The construction materials cost has been rising most especially when the Covid-19 pandemic has started, and the price increase marks a significant impact on the residential construction industry. Everything from cement, lumber, insulation materials and asphalt has been soaring in price while the home building industry is heated up.
Part of the reason is that they constrained the supplies in addition to the high demand. Several suppliers cut their production output when the pandemic started because they expected that the subsequent economic disruption would cause a severe demand reduction.
But the expectation of the demand drop never occurred. In almost all parts of the country, they consider construction as essential, avoiding sustained shutdowns. However, renovations and the home building construction industry have been leaders in the post-pandemic economy. At the same time, people flee some crowded cities and move to the outlying district of a city or suburbs in search of space.
Fuel prices have all helped with most building supplies, with three materials leading the charge: copper, lumber, and steel.
The price of copper also increases because of the disruptions of the pandemic, supply shortages, and demand growth. Cooper is an effective conduit and widely used in commercial and residential electrical grids and in most renewable energy sources systems to generate thermal, hydro, wind, and solar energy power systems.
The demand expectations for copper materials will remain high as infrastructure spending also increases globally, specifically the clean energy system. With the United States Government, proposed infrastructure bill on green energy initiatives like carbon footprint reduction, the demand for copper appears to be sustainable.
In early April this year, 2021, Chile renewed its border protocols and called the mining sector to implement new safety measures to avoid the spread of the Corona-19 Virus, including the restrictions of the travel permits. And it shocks the chain and supply of copper globally and adds to the price hike of copper materials.
Over the past year, lumber prices have skyrocketed over the pandemic highs up more than 75%. The remodeling and housing indices from the National Association of Home Builders have hit record highs following initial drops during the start of the pandemic.

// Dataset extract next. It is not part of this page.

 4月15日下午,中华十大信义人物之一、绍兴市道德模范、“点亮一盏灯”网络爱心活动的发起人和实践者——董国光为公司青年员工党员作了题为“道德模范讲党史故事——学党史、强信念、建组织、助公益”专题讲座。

The prices have no abating signs in the middle of the surge in home building projects by the receipt of stimulus, higher consumer saving and money because of the restriction of stay at home. Remote working has also supported the trend, with several people forced to work, live and play at home.

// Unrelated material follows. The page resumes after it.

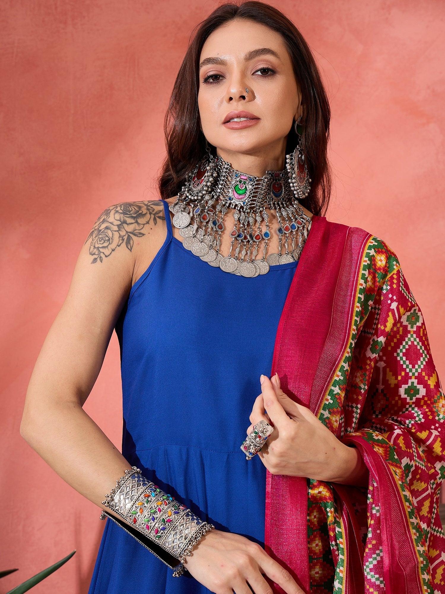 InWeave Ink Blue Strappy Kurta Set Pink Patola DupattaThe Ink Blue Strappy Kurta Set with Pink Patola Dupatta is a striking combination of rich ton...

In addition to the lumber supply squeeze, last fall, wildfires struck at the Pacific Northwest, burning through the slated forest for the market. Many suppliers and construction companies have outsourced to central Europe to fulfill lumber demands and orders. The Forest Economic Advisors states that it expects imports of lumber in the United States to rise from 14% up to 15% for 2021.
At the same time, industry lobbyists have urged the federal government to step in to help curb costs for consumers, with proposals including immediate remedies to suppliers to boost production and reductions on import tariffs to reduce lumber prices.
While, industry lobbyists urged the federal government to help cost curbs for the consumer, with the proposal of immediate supplier remedies such as reducing import tariffs and boosting their productions to minimize the lumber price hike.
Unlike copper and lumber, when the Covid-19 pandemic started, primarily steel increased its price because of the slowdown in supply. Several steel plant producers anticipate that the market will become soft and push them to idle their furnaces when the pandemic strikes. But the expectation of slowing down on demand for steel in the market has never occurred, such as equipment roof hatches. Instead, the need has rebound as the manufacturing sector during the recession led the economy out of the depths.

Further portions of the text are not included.